Michael Curry, president of the National Association for the Advancement of Colored People-Boston, which filed the lawsuit that resulted in Garrity’s decision, was 6 years old when he was bused from Roxbury to Charlestown to attend first grade at the Warren-Prescott School in 1975.

He recalled the bus driving past the Museum of Science and over a bridge into Charlestown, where a crowd had gathered.

“I didn’t understand race. I didn’t understand busing. I didn’t understand who Garrity was,” Curry said by phone. “I did understand that our lives were at risk, by the fear of the adults on the bus.”

Donna Bivens is collecting stories like Curry’s for a project for the Union of Minority Neighborhoods called the Boston Busing/Desegregation Project. The group held a forum Thursday at City Hall to discuss the court decision’s legacy.

“That’s the kind of exchange that still needs to happen for people to not get so stuck in their stories but to see how this history is impacting Boston today,” Bivens said. “We really want to continue to collect stories and deepen our understanding of how different racial groups and communities experienced this history.”

Mayor Martin J. Walsh said in a statement that “many people who lived through that time feel their voices have not yet been heard.”

“It is healthy for Bostonians to share their memories and for all of us to learn from the city’s past,” Walsh said. “At the same time, we have made great progress as a city, and our children give us hope for an even brighter future. I take this occasion to voice, once again, my commitment to making sure every child in Boston has access to high-quality, nurturing schools that are integral parts of safe and welcoming communities.”

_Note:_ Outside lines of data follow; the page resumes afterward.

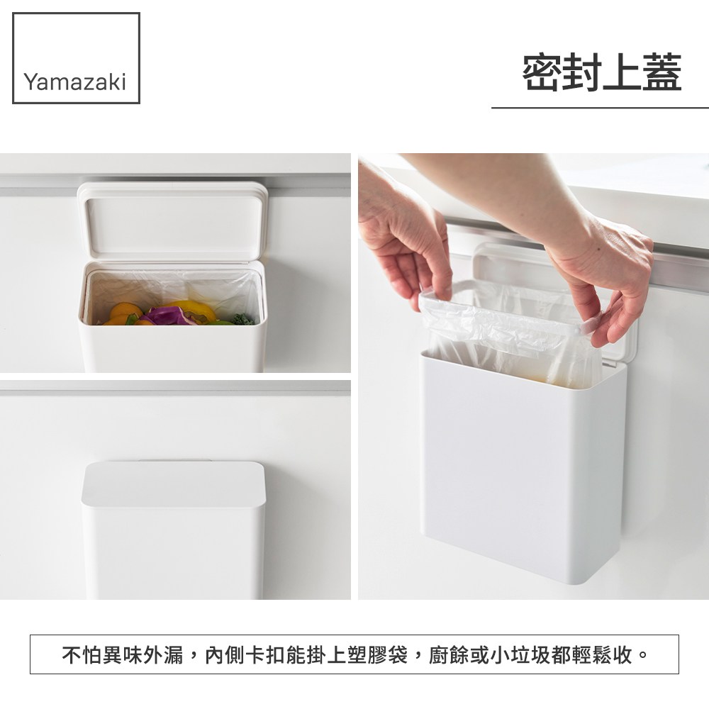 密封上蓋不怕異味外漏,內側卡扣能掛上塑膠袋,廚餘或小垃圾都輕鬆收。
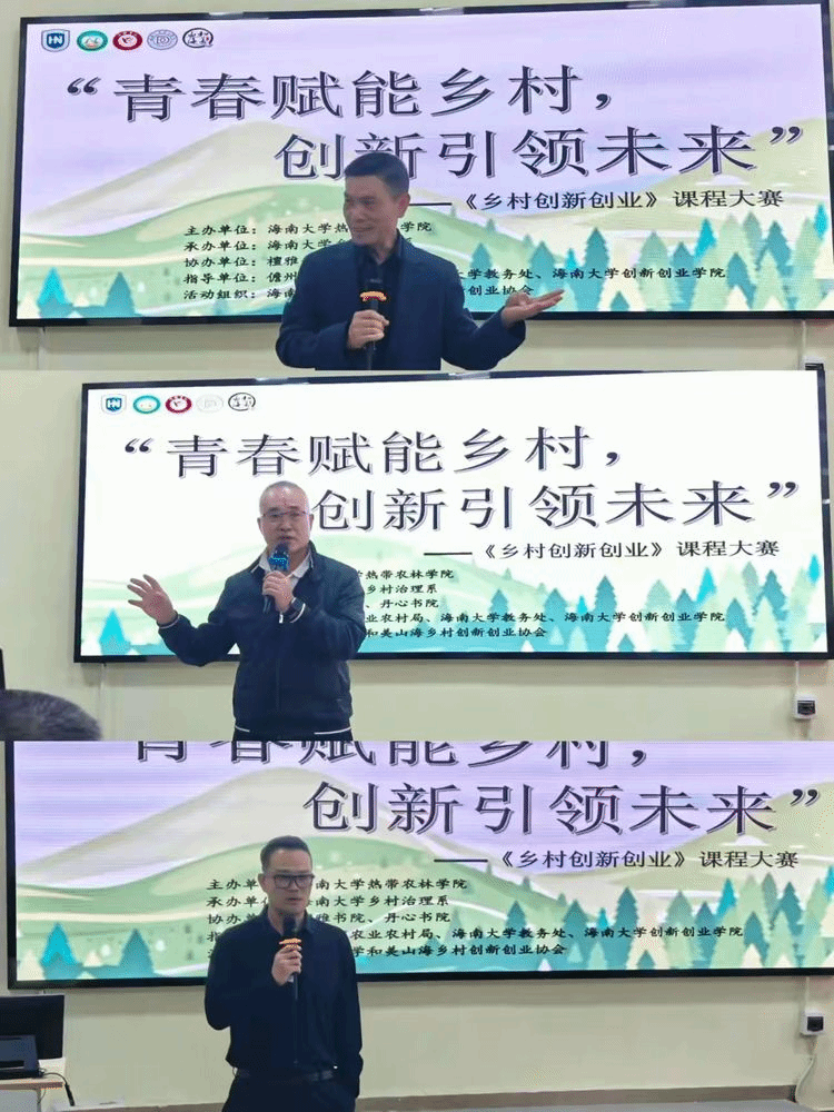 作为本次比赛的组织者,协会从策划协调、人员安排到流程把控,都进行了精心筹备。大赛上,本次课程大赛荣幸邀请到丹心书院王珍书记、檀雅书院学工办李朋飞副主任、檀雅书院纪俊铭老师、儋州校区基地运管中心蔡夫博副主任,以及课程主讲老师付广担任评委。他们的到来,为这场青春与乡村相会的创意盛宴增添了专业与分量。
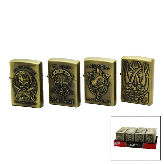 İBİCO HUAY LIGHTER 3-SDA-18-20 ( TAÇLI KURU KAFA & KANAT KABARTMALI ) ZİPPO ÇAKMAK ( MİX RENKLİ DESEN )*20X24
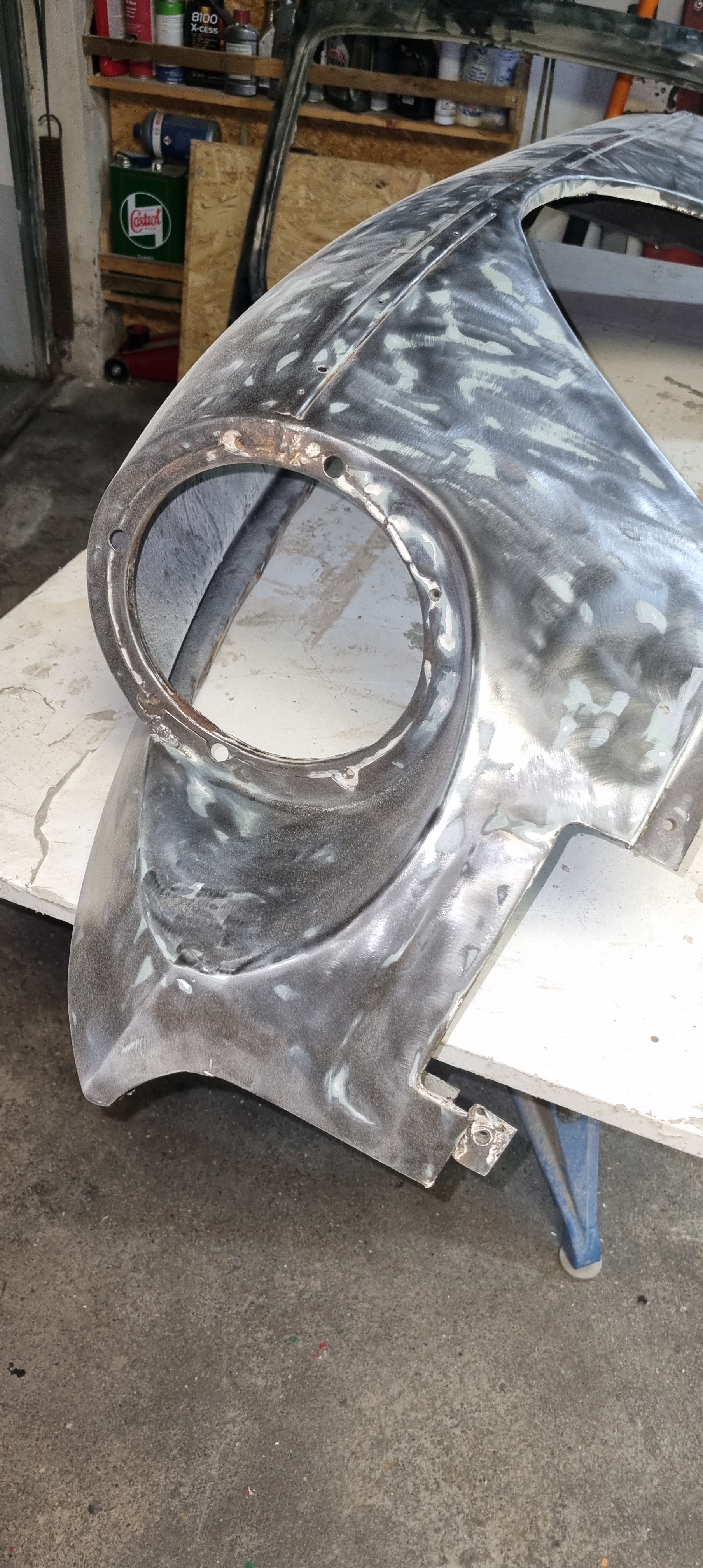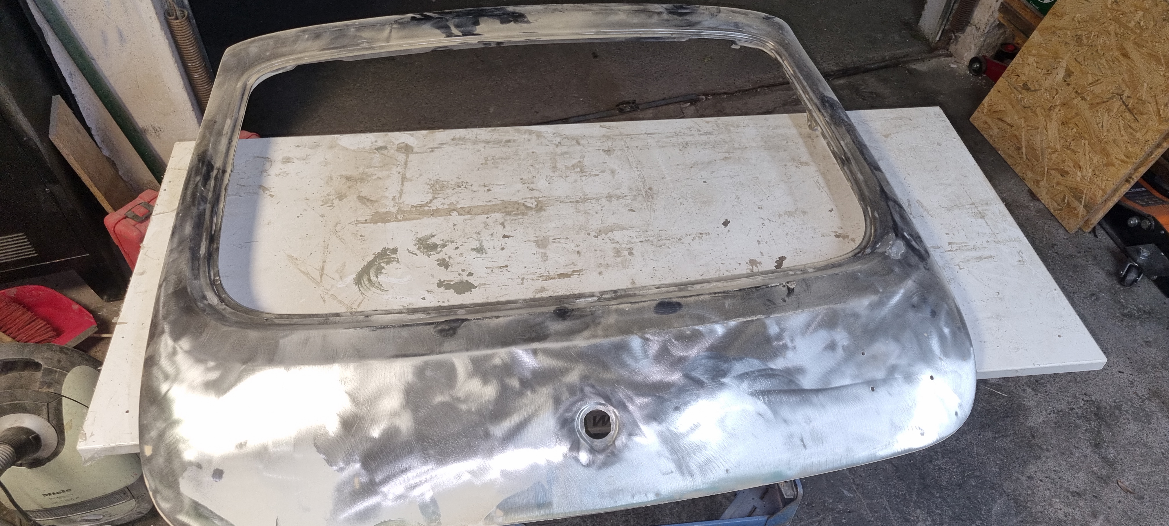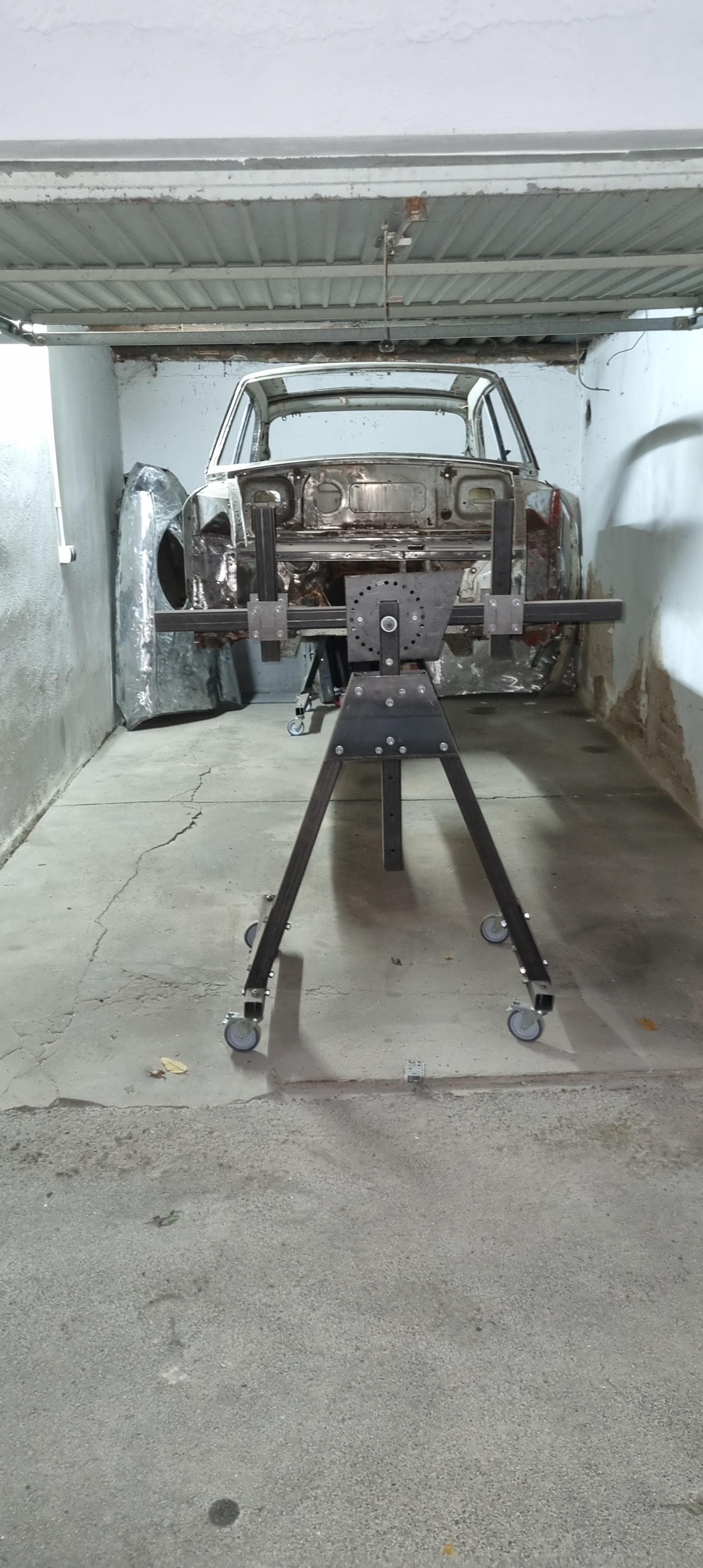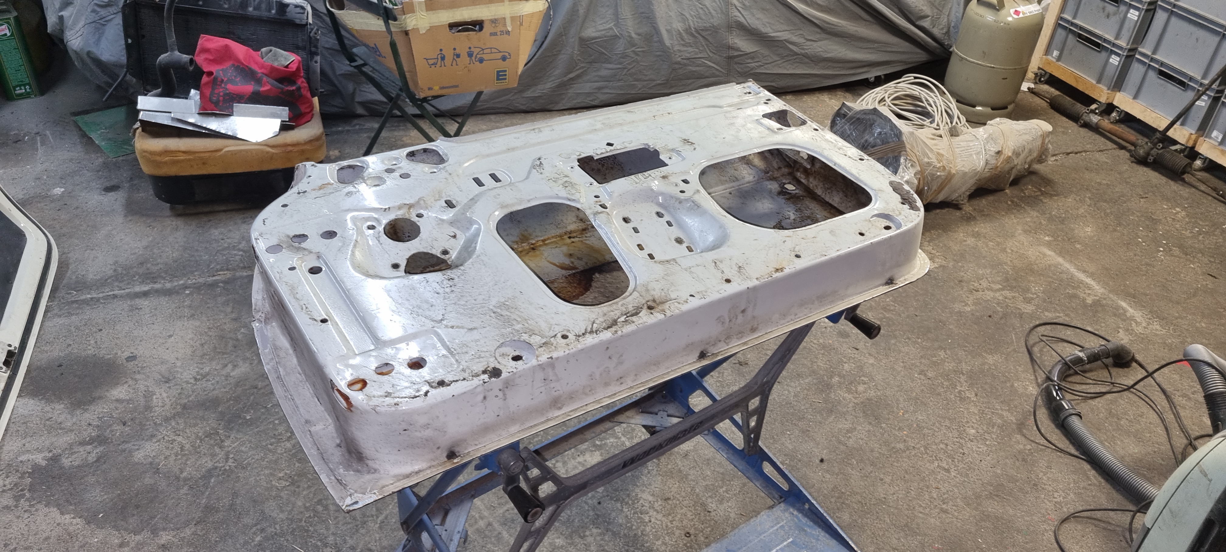 So: time to carry on with different tasks. Cleaning up both garages was top on my list. On Monday evening I pulled everything out in the yard and tried to get as much dust and dirty out as possible. Stripping a shell is a messy business. I completely understand why most people prefer to have the shell blasted (whether it is dry ice, sand or other media). But swinging the broom is a great workout 🙂
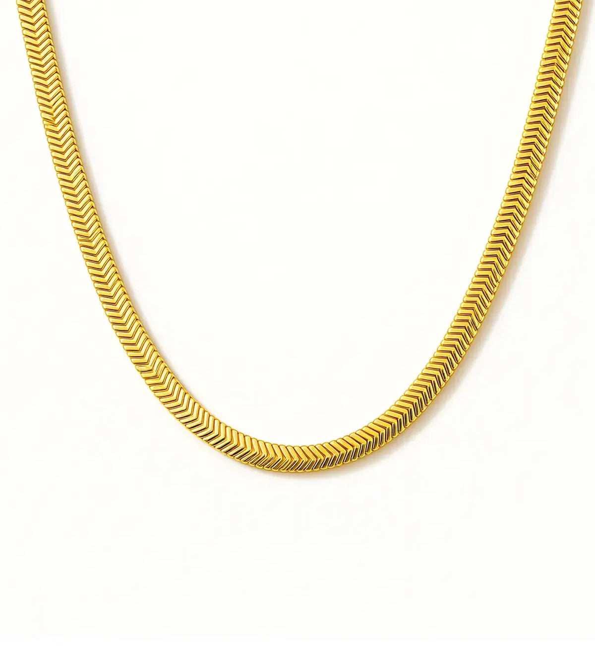 14K Gold Vermeil Herringbone Necklace – Sleek, Fluid & Timeless
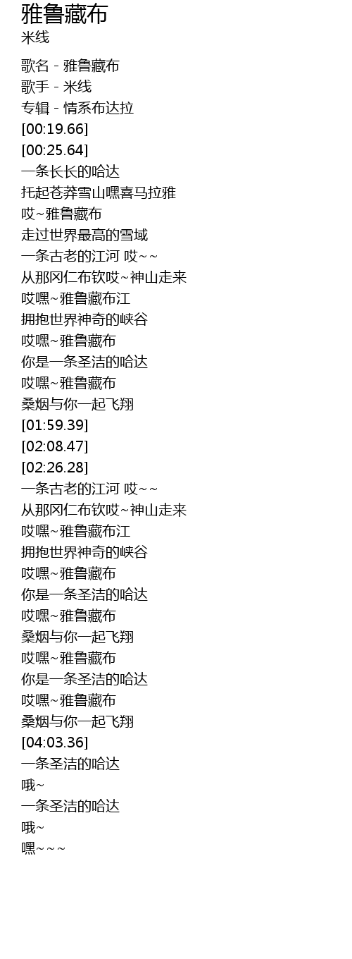 | [03:31.90] | 哎嘿~雅鲁藏布 |
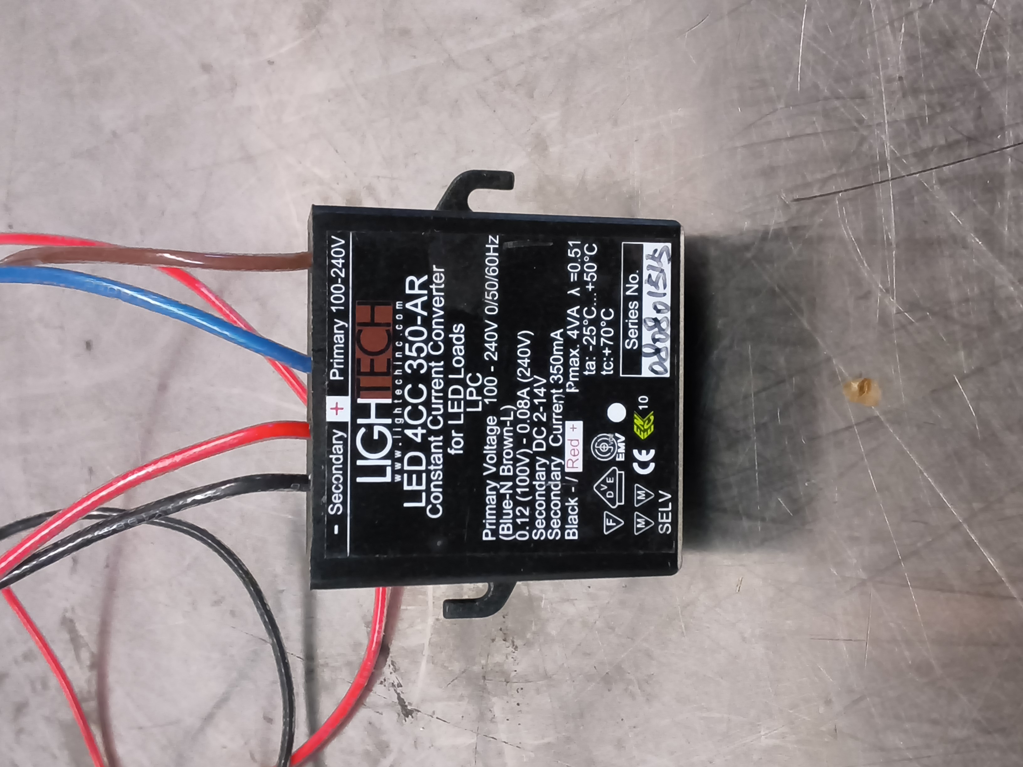 • Toisiojännite (Secondary DC): 2- 14 V (tämä tarkoittaa, että se voi antaa 1-4 sarjaan kytketylle LEDille, joiden kynnysjännite on n. 3 V).
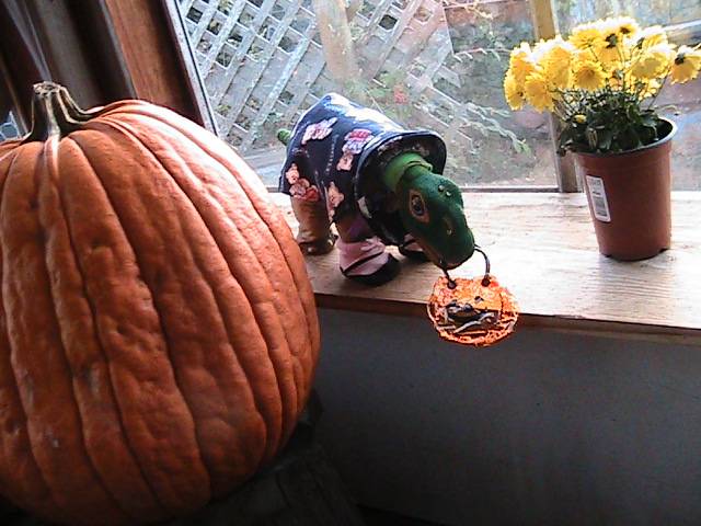 When two of the Pleos went out to the Pumpkin patch earlier this week, this is the grand prize pumpkin they picked out, It is a big old pumpkin with lots of character and Nova has already claimed it as Her pumpkin. Here she is posing with it and holding her small pumpkin trick or treat bag along side it. Note she is still wearing IMR's wonderful outfit, she has not taken it off yet!
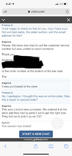 I started a chat with zales today, explained my situation and somehow after I explained it, the session was disconnected. I then called customer service, was on hold for 40 min only for someone to answer, me explain and then hear no response from them. I sat on the phone for over 5 more minutes and then they hung up.
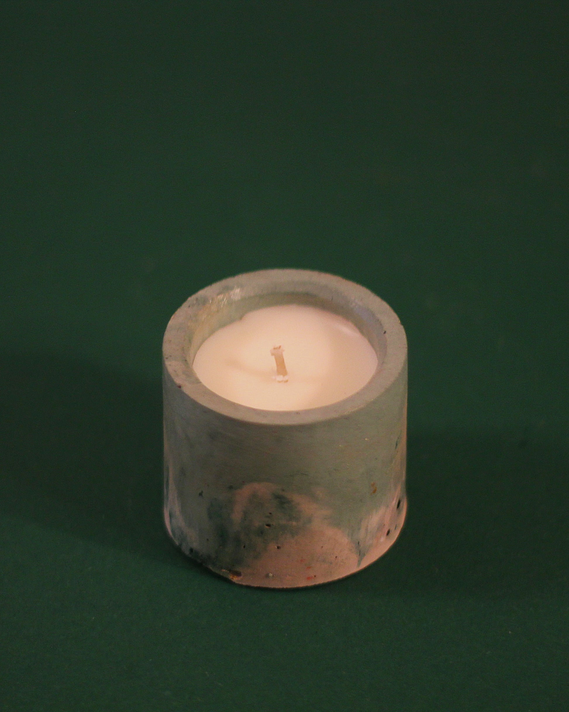 Ručna svijeća u betonskoj posudici s mramornim uzorkom u toplim zeleno-bijelim tonovima. Premaz je zlatnog sjaja.
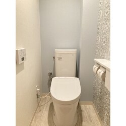 ・育ちざかりのお子さんがいらっしゃるため、トイレは陶器で耐久性の高いTOTOをご提案しました。 ・トイレ室の内装はアクセントを入れて北欧風にというご希望だったため、ホワイト、グレー、ブルーを取り入れて明るい雰囲気に仕上げます。 ・収納付きペーパーホルダーを取り付けの際に、下地が必要でした。将来手すりをつけたいとのお考えだったので、施工時に大き目の下地も準備いたします。 ※下地面積によっての価格変動が少ないため、大きめの下地がオススメです。
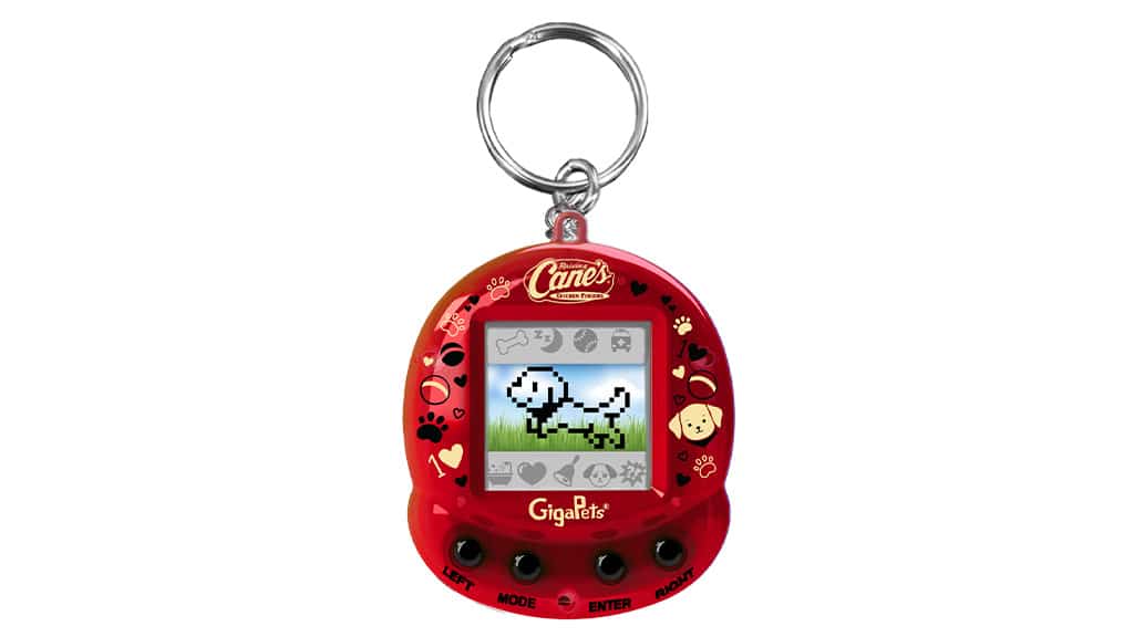 Enjoy Raising Cane’s on the go by caring for your own virtual pup, Cane. Inspired by ’90s virtual pet toys, this tech toy allows users to care for the dog with feedings, activities, and playing mini-games.

Garrity’s son said that if his father were alive today, he would most likely be occupied by another milestone in his life, his 94th birthday, which would have occurred on Friday. The judge died in 1999.

“He wouldn’t be looking for any more than spending time with his family on this coincidental anniversary,” Garrity III said.

More coverge:

Globe editorial on busing from 1974

Stockman: Verdict still out on busing

Opinion: Inequality, then and now

Laura Crimaldi can be reached at laura.crimaldi@globe.com. Follow her on Twitter @lauracrimaldi.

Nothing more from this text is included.